• [ACTION ITEM]: Look in the listing below for the line that has "酷暑でクーラーもない環境の中", then return it and each following line up to and including the one with "This paper proposes", exactly and without pictures.

══ WORKING DATA ══

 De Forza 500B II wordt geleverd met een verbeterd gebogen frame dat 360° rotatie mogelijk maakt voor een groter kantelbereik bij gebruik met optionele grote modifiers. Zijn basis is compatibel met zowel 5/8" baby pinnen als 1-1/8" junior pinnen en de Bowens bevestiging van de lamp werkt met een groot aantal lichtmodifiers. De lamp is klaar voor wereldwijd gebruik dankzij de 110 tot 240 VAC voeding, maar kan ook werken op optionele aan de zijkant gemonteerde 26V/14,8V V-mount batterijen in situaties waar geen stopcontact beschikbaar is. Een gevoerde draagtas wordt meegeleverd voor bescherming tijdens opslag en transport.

═══
══ WORKING DATA ══

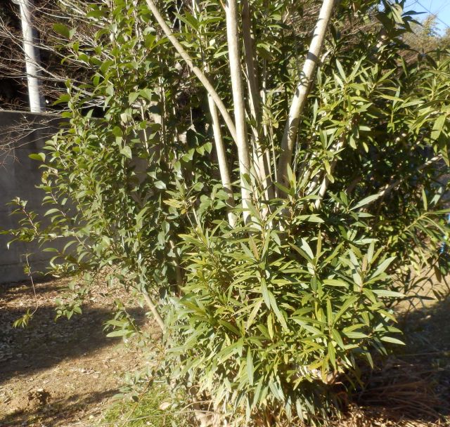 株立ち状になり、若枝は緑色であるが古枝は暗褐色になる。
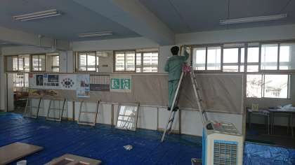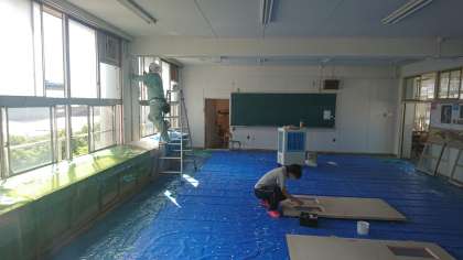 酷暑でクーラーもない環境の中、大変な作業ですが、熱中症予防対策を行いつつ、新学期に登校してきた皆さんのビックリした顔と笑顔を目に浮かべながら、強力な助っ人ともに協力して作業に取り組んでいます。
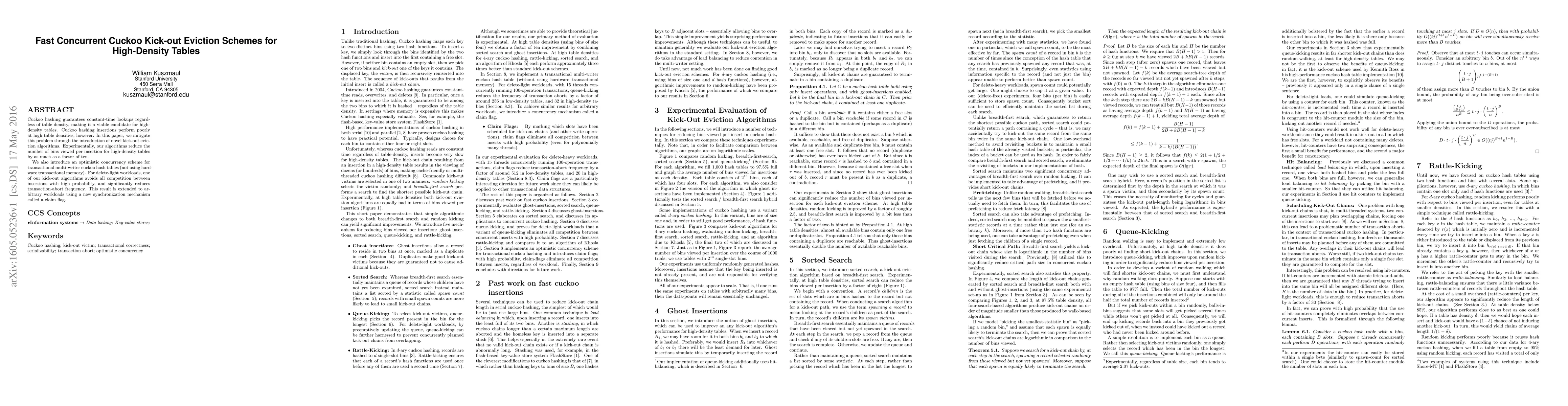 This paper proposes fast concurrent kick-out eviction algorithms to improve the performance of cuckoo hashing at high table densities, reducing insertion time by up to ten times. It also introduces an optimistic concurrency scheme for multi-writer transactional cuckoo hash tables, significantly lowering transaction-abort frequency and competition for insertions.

═══

• [SOLUTION]:
 酷暑でクーラーもない環境の中、大変な作業ですが、熱中症予防対策を行いつつ、新学期に登校してきた皆さんのビックリした顔と笑顔を目に浮かべながら、強力な助っ人ともに協力して作業に取り組んでいます。
 This paper proposes fast concurrent kick-out eviction algorithms to improve the performance of cuckoo hashing at high table densities, reducing insertion time by up to ten times. It also introduces an optimistic concurrency scheme for multi-writer transactional cuckoo hash tables, significantly lowering transaction-abort frequency and competition for insertions.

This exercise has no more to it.